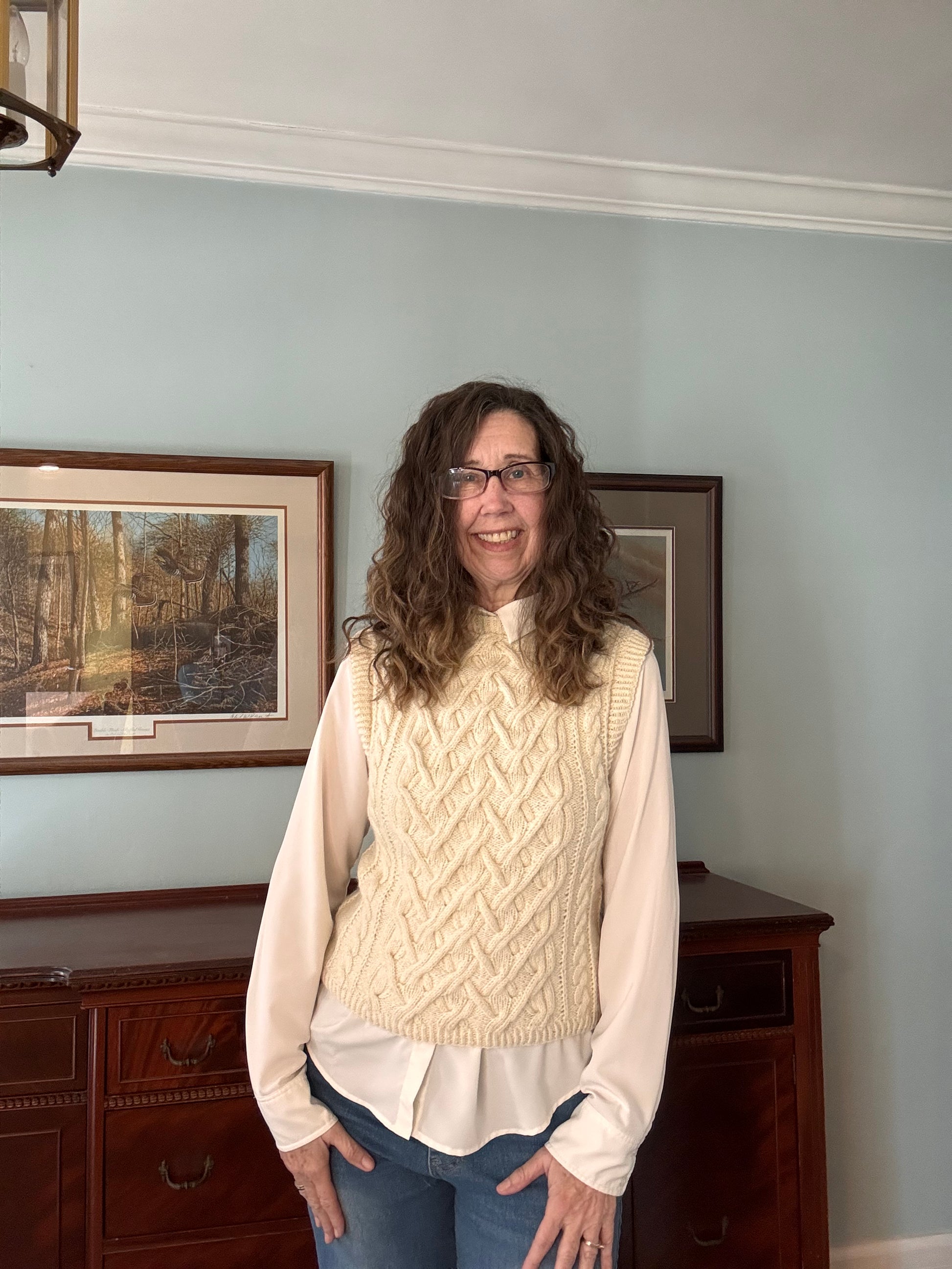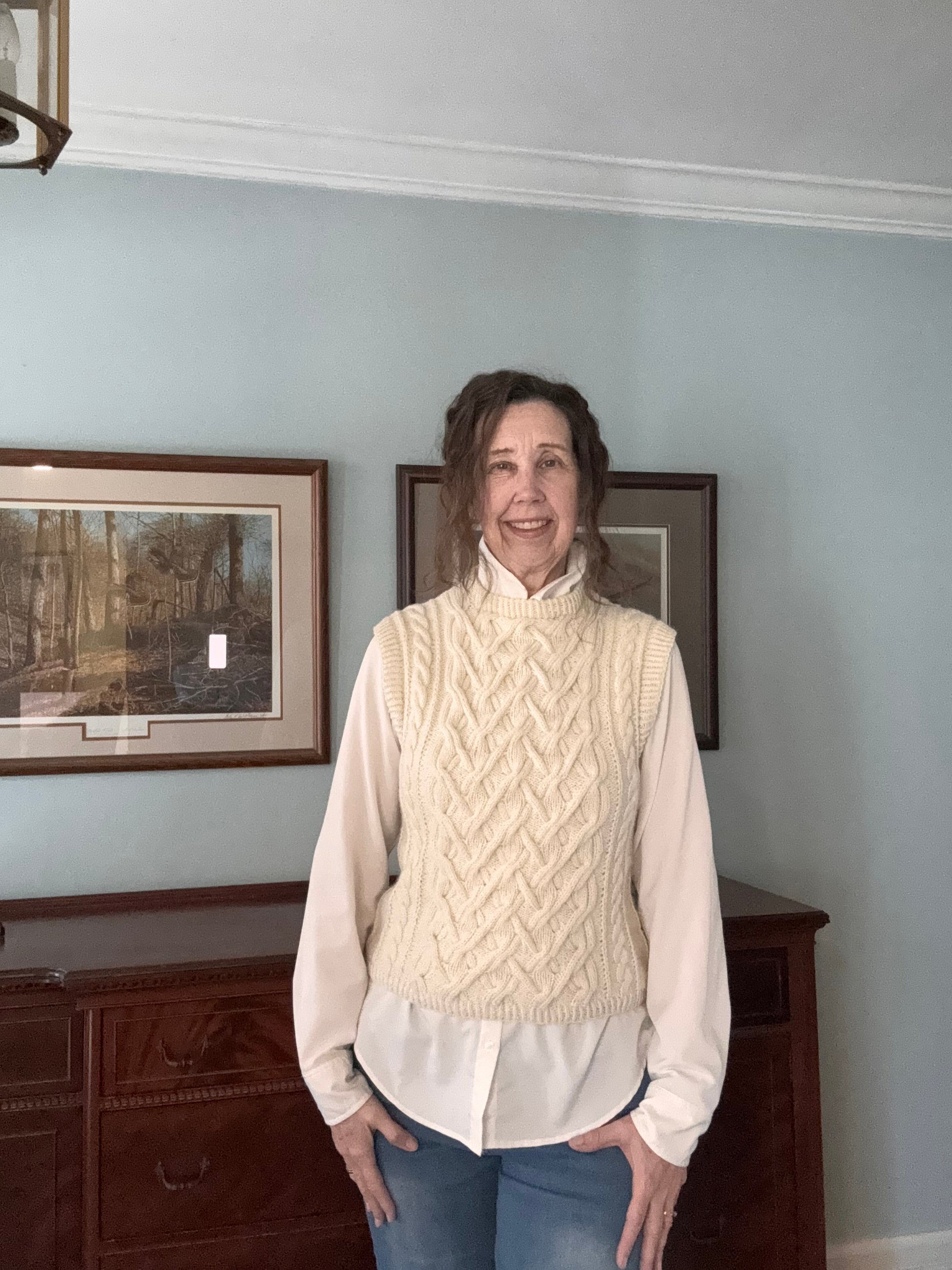 Tracks in the Snow is a cable slipover knit in sport-weight yarn in the round from the bottom up. The cable pattern reminds me of cross country skiing when you have to climb a hill on the trail.
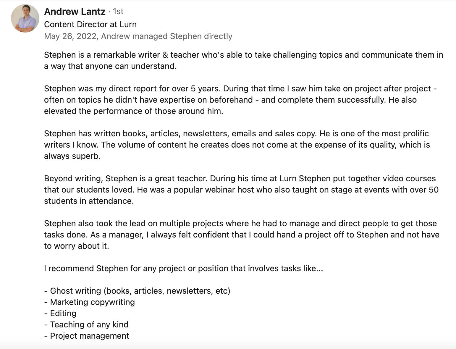 Here's what people have said about my work...
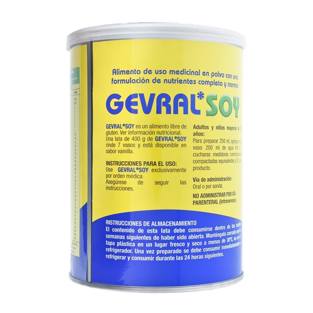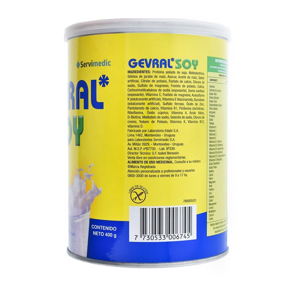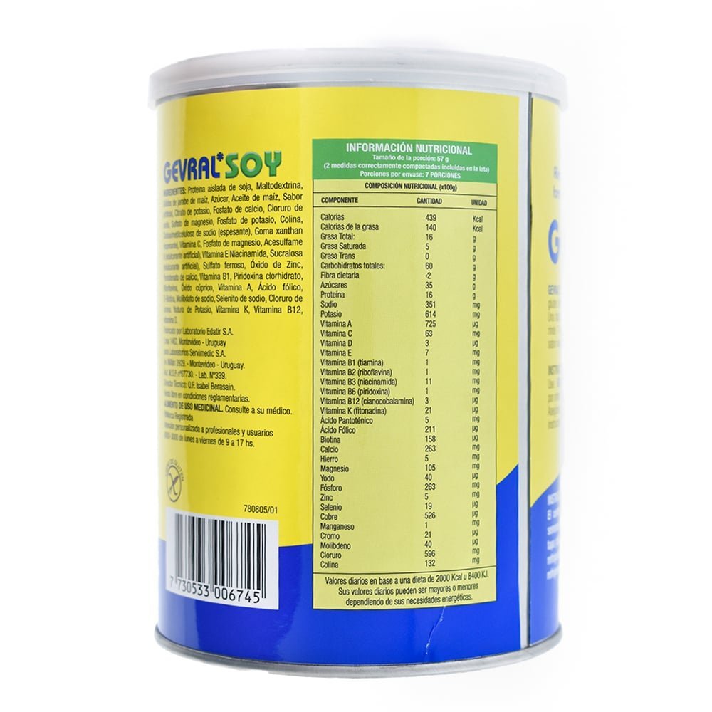 Gevral Soy 400 gr es una preparación rica en proteínas y aminoácidos, que puede incluir además vitaminas, minerales y otros macronutrientes.
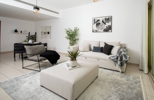 Modern 1-bedroom apartment in Al Dhafra 2, The Greens. Features a cozy living room with sofa bed, fully equipped kitchen, dining area, and balcony with community views. Bedroom includes a comfy double bed and ample storage. Enjoy high-speed Wi-Fi, TV, A/C, and access to the pool, gym, and landscaped gardens. Prime location near Dubai Marina, Mall of the Emirates, and metro. Perfect for couples, families, or business stays.
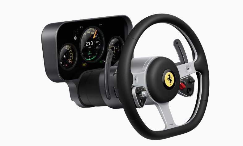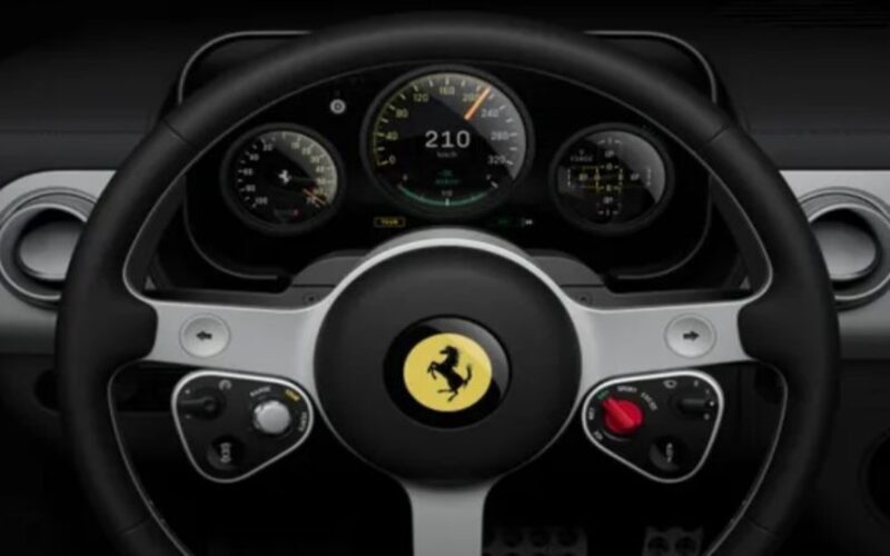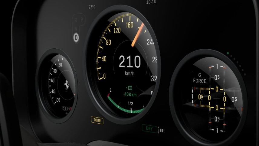 Цифрові прилади створені разом із Samsung на базі OLED-дисплея з ідеальним чорним кольором і ефектом глибини. Дизайн шкал натхненний авіаційними приладами та старими гелікоптерами — виглядає технічно, чисто й дуже «по-Феррарі».
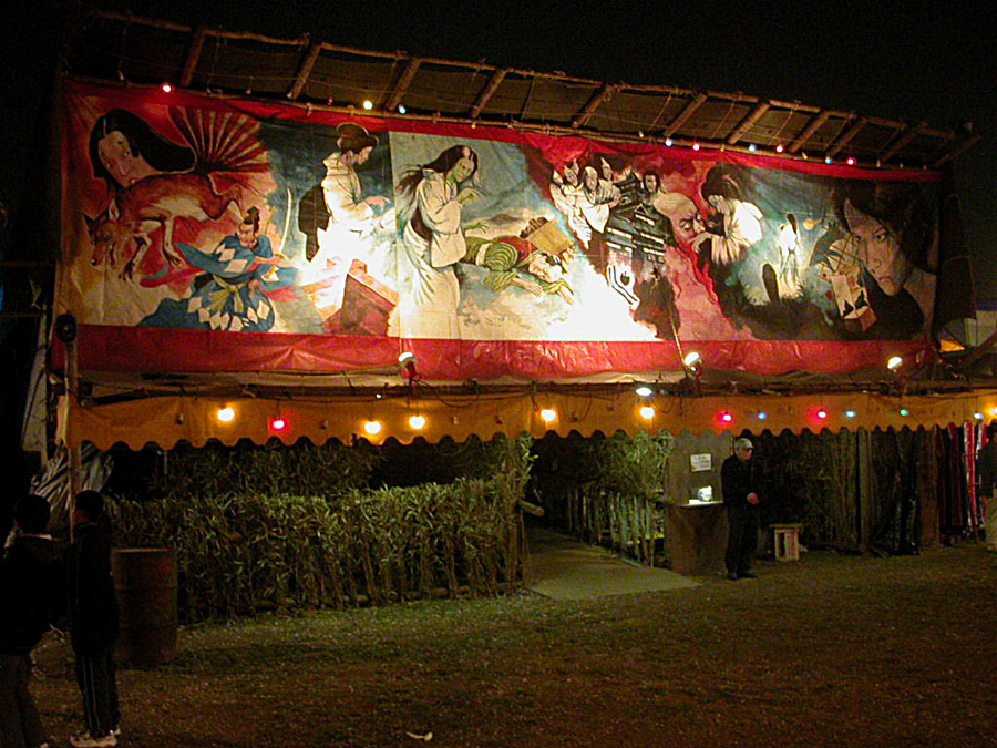 「余録」([[毎日新聞]]2014年8月18日)によれば、お化けや怪談が夏の風物詩となったのは[[鶴屋南北 (4代目)]]の歌舞伎からで、[[1836年]](天保7)年、江戸・[[回向院|両国回向院]] で「寺島仕込怪物問屋(てらしまじこみばけものどんや/寺島とは尾上菊五郎)」というが評判となる。「[[四谷怪談]]」など怪談ものの場面を[[からくり人形]]で見せた。これが日本で初の本格的化け物屋敷興行という。

═══

§ Exercise objective: Above are records; repeat only the lines from the line with "Modern 1-bedroom apartment" through the line with "Цифрові прилади створені", and leave pictures out.

§ Answer area:
 Modern 1-bedroom apartment in Al Dhafra 2, The Greens. Features a cozy living room with sofa bed, fully equipped kitchen, dining area, and balcony with community views. Bedroom includes a comfy double bed and ample storage. Enjoy high-speed Wi-Fi, TV, A/C, and access to the pool, gym, and landscaped gardens. Prime location near Dubai Marina, Mall of the Emirates, and metro. Perfect for couples, families, or business stays.
 Цифрові прилади створені разом із Samsung на базі OLED-дисплея з ідеальним чорним кольором і ефектом глибини. Дизайн шкал натхненний авіаційними приладами та старими гелікоптерами — виглядає технічно, чисто й дуже «по-Феррарі».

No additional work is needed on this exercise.